Boom and Bust of Golf Course Real Estate Spotlighted

After a spike in golf course construction since 1988, a surplus of luxury real estate and a down housing market created the “perfect storm,” The Wall Street Journal reported.

A recent report in The Wall Street Journal spotlighted the rise and fall over the past two decades of luxury real-estate communities with high-end golf courses.

In 1988, the National Golf Foundation set a goal of building “A Course A Day,” the Journal reported—but after the golf industry, and the real-estate market, began suffering 20 years later, private golf communities have been dropping prices radically, and even paying people to take over land.

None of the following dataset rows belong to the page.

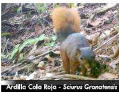
Ardilla Cola Roja - Sciurus Granatensis

Ardilla cola roja o ardilla colirroja, es una especie considerada endémica de América del sur y se encuentra en todo el proyecto. Es una especie diurna, arborícola y solitaria; se alimenta de frutos y semillas, se considera un dispersor de semillas por excelencia.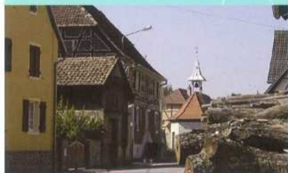
2 ↑ Emlingen, la chapelle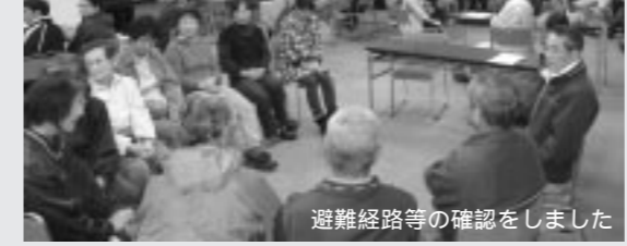
避難経路等の確認をしました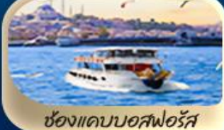
ช่องแคบบอสฟอรัส

19-27 มี.ค.68 / 4-12 เม.ย.68 / 6-14 เม.ย.68 13-21 เม.ย.68 / 19-27 เม.ย.68 / 3-11 พ.ค.68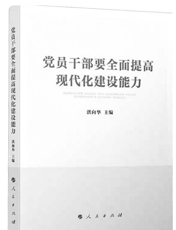
《党员干部要全面提高现代化建设能力》 洪向华 编 人民出版社

本书紧扣实践脉搏,针对民事诉讼中证据运用的热点、难点问题,进行深入剖析与解答。本书的撰写,秉持三个要求:一是通俗易懂,力求用平实的语言阐述深奥的证据法原理,让每一个读者都能轻松读懂;二是结合实务,通过大量真实案例的分析,将理论与实践紧密结合,让读者在案例中领悟证据法的精髓;三是在内容编排上,本书既涵盖了证据法的基本理论,例如,经验法则、司法认知、推定、裁判的效力、自认、举证期限、证据交换、交叉询问、诚信原则、证明责任、证明标准等,又深入探讨了民事证据在实务中的具体应用,例如,常见的离婚案件、交通事故案件、民间借贷纠纷中的证据规则等。这种理论与实践的结合,使得本书既具有学术价值,又具有实用性。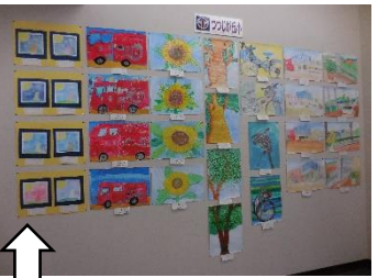
帯広市民ギャラリー「小中学校造形展」つつじが丘小のコーナー。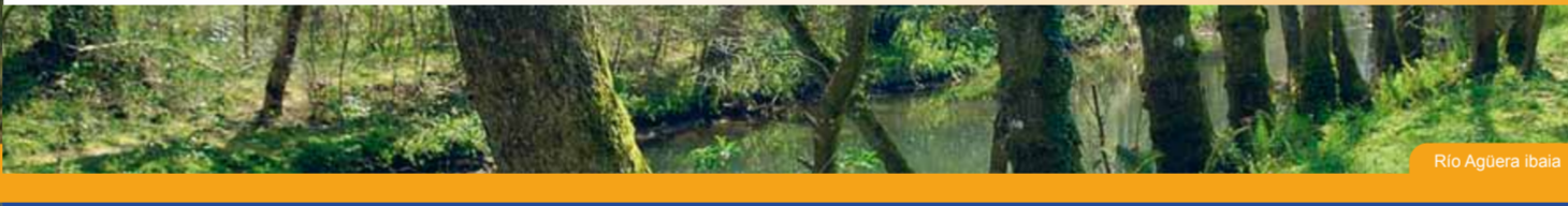
Río Agüera ibaia

Este alargado valle, jalonado de casas-torre y palacios, nos ofrece variedad de servicios y la posibilidad de dar un sencillo paseo siguiendo el río Agüera.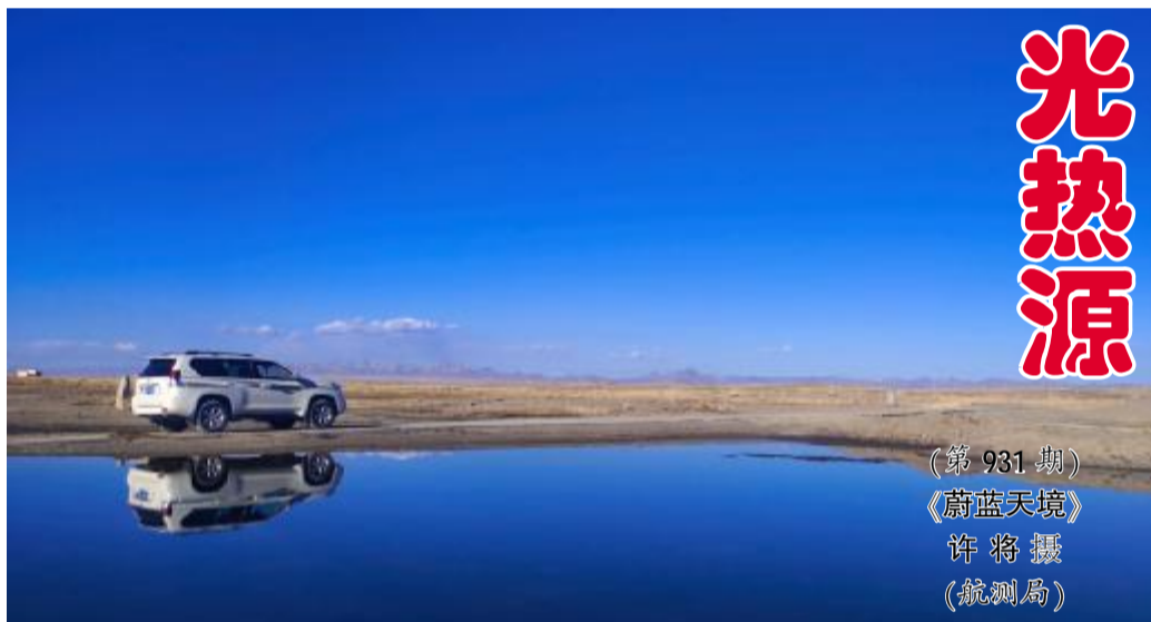
(第931期) 《蔚蓝天境》

冬天 地勘人来到了杳无人烟的沙漠 呼啸的寒风为世界披上了银装 寂静的世界里藏着一颗心 准备迎接更加辉煌的明天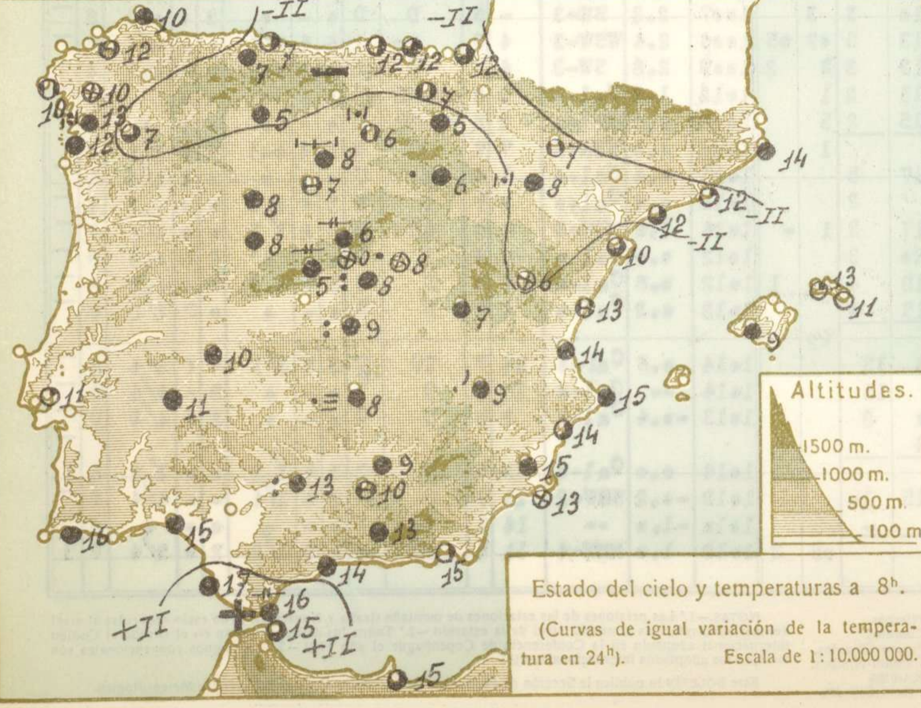
Estado del cielo y temperaturas a 8 h . (Curvas de igual variación de la temperatura en 24 h ). Escala de 1:10.000.000.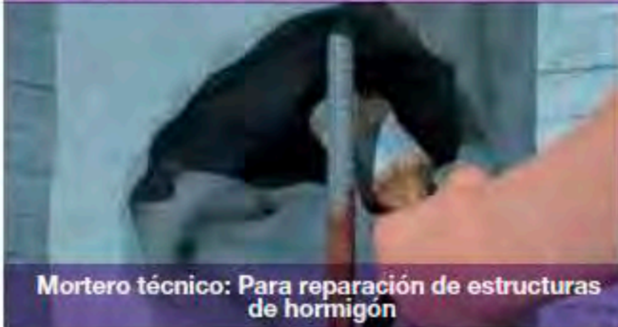
Mortero técnico: Para reparación de estructuras de hormigón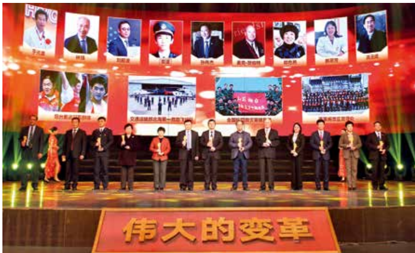
2018年12月20日,庆祝改革开放40周年感动烟台人物和最具影响力的事件发布仪式举行。

【意识形态工作】 市委常委会两次专题研究意识形态工作,召开两次市委意识形态和宣传思想工作领导小组会议,研究分析意识形态领域工作。建立完善意识形态有关制度,召开会商研判会议、座谈会、工作推进会,出台责任清单和负面清单,在党内通报2次工作情况。对哲学社会科学报告会、研讨会、讲座、论坛进行审批备案,对阵地管理漏洞进行排查整改。

The Journal highlighted one Ohio couple who “bought” a lot at South Carolina’s Colleton River Plantation in Bluffton, S.C., for free, with the seller paying the $15,000 club initiation fee and the first year of $17,000 annual membership dues.

Now, gated communities are appealing broadly to families and repurposing by reducing courses to nine holes and selling the reclaimed land. Communities near clubs like Belfair Plantation, Colleton River Plantation and Berkeley Hall, all in Bluffton, S.C., sold lots for at least $150,000 each that are now on sale for $1, the Journal reported.. Investors who bought but never built on their lots are trying to unburden themselves.

Other communities have seen real estate prices drop from $300,000 to $39,000.

The Journal reported that while the housing downturn is partly responsible, the development bridge that created too many courses as golf began to fade in popularity has only exacerbated the problem. Between 1990 and 2003, nearly 3,000 new courses were built in the U.S., with many linked to the luxury real estate market. About 40% of the courses built in the 1990s were tied to real estate communities.

With national rounds last year dropping to 463 million from 518 million, more than 350 golf courses have closed since 2005. In 2011, more than 150 courses closed. The National Golf Foundation found that about 2,000 of the 16,000 golf courses are “financially distressed.”

Golf communities and real estate agencies are combating the problem by lowering initiation fees and offering extra incentives for home sales.